Samuel Pradier | Agence QMI

MARIO BEAUREGARD/AGENCE QMI

Geneviève Leclerc a une voix en or. Elle l’a prouvé une fois de plus, samedi soir, lors de la première de son nouveau spectacle, «Celle que je suis», présenté à la cinquième salle de la Place des Arts. Carte de visite de son talent, la soirée lui a permis d’interpréter avec force, solidité et intensité des chansons d’horizons parfois très lointains, entrecoupés de moments souvent drôles.

C’est au milieu du public, sur un côté de la salle, que Geneviève Leclerc apparaît en ouverture, tout en chantant «I (Who Have Nothing)», avant de poursuivre avec une étonnante relecture de «Tue-moi», classique de Dan Bigras.

La chanteuse est allée puiser dans ses deux premiers albums pour trouver les chansons qui illustrent son univers musical.

Aucun monument de la chanson n’est à l’épreuve de Geneviève Leclerc, comme «Une histoire d’amour» ou «Parlez-moi de lui», et surtout pas les grandes chansons de comédie musicale. «Nature Boy» et bien entendu «Big Spender», de la comédie musicale «Sweet Charity», qu’elle avait chantée pour son audition à «La Voix», en 2016.

Dans les autres évidences, elle ne pouvait éviter «Je suis malade», dont son interprétation se rapproche du sublime et qui lui colle désormais à la peau.

Entourée de trois musiciens (piano, contrebasse et percussions) et d’une choriste, la chanteuse fait preuve d’une maitrise totale de son instrument.

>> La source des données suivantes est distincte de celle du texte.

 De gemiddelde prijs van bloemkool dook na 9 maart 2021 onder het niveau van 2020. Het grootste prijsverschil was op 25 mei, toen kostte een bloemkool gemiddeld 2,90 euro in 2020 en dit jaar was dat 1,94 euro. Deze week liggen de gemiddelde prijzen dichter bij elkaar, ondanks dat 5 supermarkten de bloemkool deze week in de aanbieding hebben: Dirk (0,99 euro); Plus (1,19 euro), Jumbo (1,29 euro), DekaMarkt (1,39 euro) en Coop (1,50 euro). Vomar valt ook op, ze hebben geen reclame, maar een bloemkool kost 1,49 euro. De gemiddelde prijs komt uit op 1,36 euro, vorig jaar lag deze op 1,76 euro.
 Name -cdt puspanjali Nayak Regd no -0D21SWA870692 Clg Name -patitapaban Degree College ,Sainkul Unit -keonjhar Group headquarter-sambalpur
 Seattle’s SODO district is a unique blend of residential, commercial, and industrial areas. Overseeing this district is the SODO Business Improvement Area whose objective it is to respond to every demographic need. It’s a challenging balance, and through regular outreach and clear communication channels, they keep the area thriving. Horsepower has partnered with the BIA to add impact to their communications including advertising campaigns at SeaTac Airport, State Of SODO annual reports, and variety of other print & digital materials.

Elle a aussi l’intelligence de savoir quand elle doit reprendre une chanson dans sa version originale («Et maintenant») ou, au contraire, quand elle peut se permettre de la mettre à son image («J’attendrai»).

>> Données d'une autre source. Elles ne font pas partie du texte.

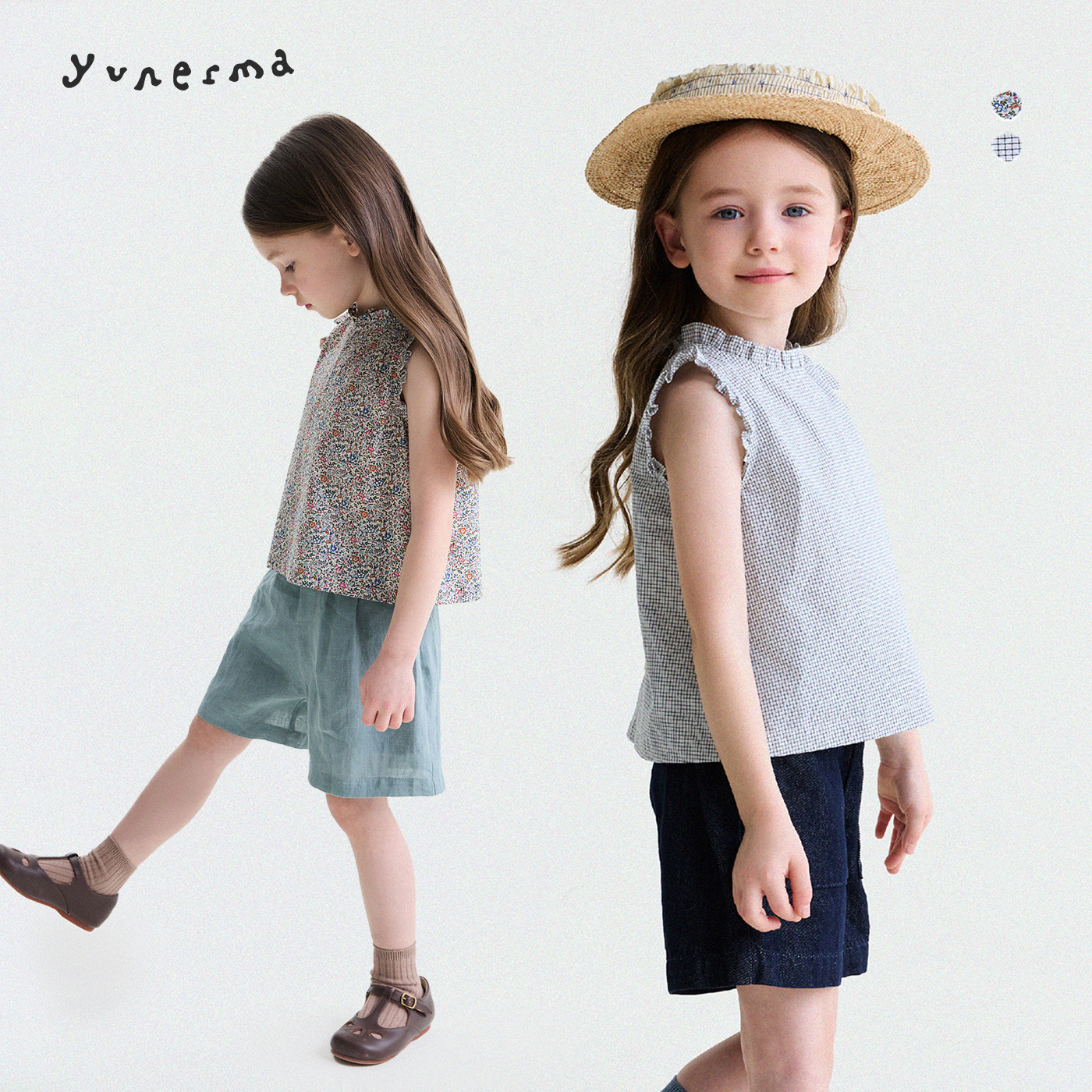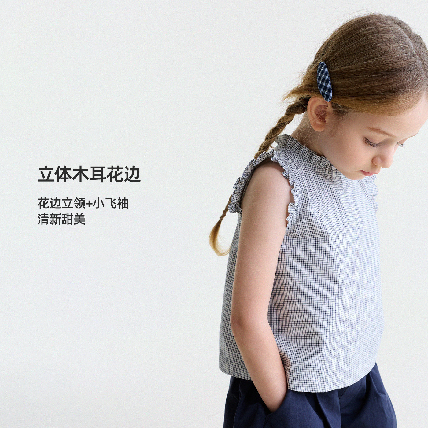 允儿妈女童夏季法式花边领格子背心儿童2026新款纯棉碎花无袖衬衫

Parmi les moments forts de la soirée, on retiendra notamment sa version de «Nos joies quotidiennes», en hommage à son père, décédé l’an dernier, ainsi que son medley en réaction aux critiques qui la disent trop intense, réunissant notamment «Ça va bien», «Papaoutai» ou «Chante-la ta chanson».

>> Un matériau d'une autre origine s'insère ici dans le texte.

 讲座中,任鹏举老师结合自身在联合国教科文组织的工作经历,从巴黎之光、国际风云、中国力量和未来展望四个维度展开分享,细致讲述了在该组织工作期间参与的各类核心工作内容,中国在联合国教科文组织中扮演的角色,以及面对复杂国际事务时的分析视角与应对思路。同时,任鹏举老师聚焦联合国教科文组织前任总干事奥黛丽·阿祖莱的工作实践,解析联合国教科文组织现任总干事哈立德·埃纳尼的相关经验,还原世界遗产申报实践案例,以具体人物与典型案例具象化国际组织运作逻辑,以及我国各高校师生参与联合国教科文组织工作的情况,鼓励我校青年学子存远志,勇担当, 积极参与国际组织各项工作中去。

À la mise en scène, Joël Legendre a fait un très beau travail d’habillage avec de simples petits détails, comme l’ouverture au tambour, les lumières suspendues au-dessus du piano, ou le tableau en hommage aux comédies musicales.

Mais avec une voix aussi puissante, remplie d’émotions et de générosité, la chanteuse n’a pas besoin d’artifices et de superflus pour briller et donner des frissons au public. Il lui faut seulement des bonnes chansons, bien écrites, avec de belles mélodies.

Après deux disques et deux spectacles à reprendre des classiques de grands interprètes Geneviève Leclerc serait maintenant rendue à l’étrape de nous proposer ses propres classiques, afin de nous montrer ce qu’elle a dans le ventre et dans le coeur.